Warped logic
At last, the Cabinet on Tuesday formed a special committee, as required under the Comprehensive Peace Agreement (CPA), to settle the question of where and how to rehabilitate some 20,000 PLA soldiers that have been certified as eligible for possible integration into the country’s security forces. One-third of the total number of Maoist combatants registered with UNMIN failed to meet the eligibility criteria. The Nepali Congress, the main opposition party, has protested against the composition of the committee. The five-member panel headed by Home Minister and Deputy Prime Minister Bamdev Gautam includes two ministers from the CPN-Maoist and a representative from the MJF, as members. The seat set aside for the Congress remains vacant, as it has refused to nominate its representative, on the grounds that one of its conditions — that each party, irrespective of its size, should have only one representative — was not fulfilled.
Congress leaders have said that the PLA soldiers cannot be adjusted without Congress approval. It is the Congress’s choice to be or not to be on the committee. It also has the right to form and publicise its own opinion on the question of integration. But it has no constitutional role in deciding how and where the PLA should be integrated, nor does it have the popular mandate to do so. In the recent CA election, the people had drastically reduced their support for the Congress, making their desire clear that it should not lead a government for the rest of the transition period. The Congress chose to go into opposition instead of working in a Maoist-led coalition. So Congress participation is not needed in the committee to make the PLA integration process legitimate.
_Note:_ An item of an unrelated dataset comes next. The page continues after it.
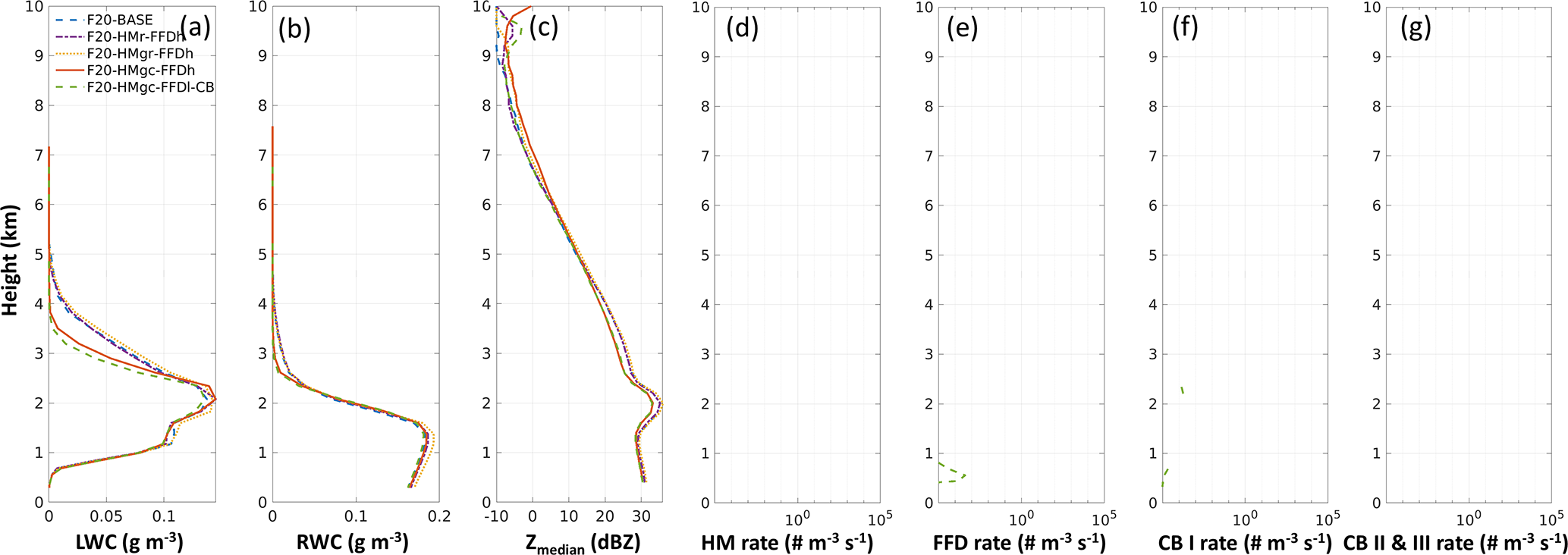 The simulated profiles within 10 km of the aircraft track indicate that the impact of SIP (across all four SIP simulations) on IWC and Ni is minimal (Fig. 15a, c). The F20-HMgc-FFDh and F9-HMgc-FFDl-CB simulations show the maximum IWC increases of approximately 10 % at altitudes of 3 and 3.7 km, respectively, compared to the F20-BASE simulation. The increase in Ni is about 2–3 times, which is significantly smaller than the Flight 9 case, where increases reached 2–3 orders of magnitude. Additionally, both F20-HMgc-FFDh and F9-HMgc-FFDl-CB generate lower LWC and RWC above 2.5 km (Fig. 16a, b). Due to the higher Ni, the values of Zmedian in both F20-HMgc-FFDh and F9-HMgc-FFDl-CB simulations are about 3 dBZ lower than in the F20-BASE simulation between 2 and 4 km altitude. No SIP activity is detected in any of the simulations at 14:30 UTC (Figs. 16d to 15g) within 10 km of distance to the flight track, except for F9-HMgc-FFDl-CB, which exhibits very low rates of both FFD and CB type I. Note that there are regions with SIP activities at this time step, but they are away from the selected regions for statistics. The simulated case on 23 February 2019 appears more stratiform, with maximum vertical updraft velocities typically below 4 m s−1. This condition likely contributes to the less frequent occurrence of mixed-phase conditions near the bright band, whereas precipitation size drops driven by updrafts through the melting layer could play a crucial role in enhancing SIP activity, as suggested by Korolev et al. (2024).

It is another matter if the parties seek to forge a consensus, but the absence of it should not be allowed to stall the integration, a vital part of the entire peace process.
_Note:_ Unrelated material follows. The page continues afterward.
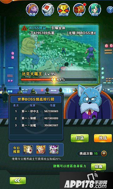 世界Boss每天上午9点开启战场,全服玩家都可以自己派遣战士上阵击杀Boss(每天有3名幸运战士哦),目前Boss有两种,分别是比克大魔王和贝吉塔。玩家累积伤害依次排名分发奖励,家族成员所有人积累伤害排名也是依次分发奖励。由此可见,要想输出最大化,就得从多种角度出发,合理安排时间,运用不同的战士和次数打出完美伤害。

It may come across as odd if the opposition party should choose to sit on a committee appointed by the Cabinet to settle the issue of PLA integration, particularly against the background that it rejected the politics of consensus as practised since the success of Jana Andolan II after the voters made the CPN-Maoist the largest political party. Both Congress conditions sound indefensible from the point of view of fairness and logic. If the largest party leading the government should not head the panel and cannot have more than one representative, it is hard to find ways of justifying any other arrangement. These conditions imply that the party at the head of the government should not have a deciding role in the PLA integration. It would then most probably lead to a situation where, as the proverb goes, the tail wags the dog, not the other way round — something that would strike at a cardinal principle of democratic governance. Congress president Koirala was right in saying the other day that the existing agreements have not made it mandatory for all the PLA fighters to be taken into the Nepal Army. But the agreements do not say either that all of them should not be integrated into the Nepal Army. Now, only the government has the authority to decide exactly how the issue should be resolved, one may like it or not.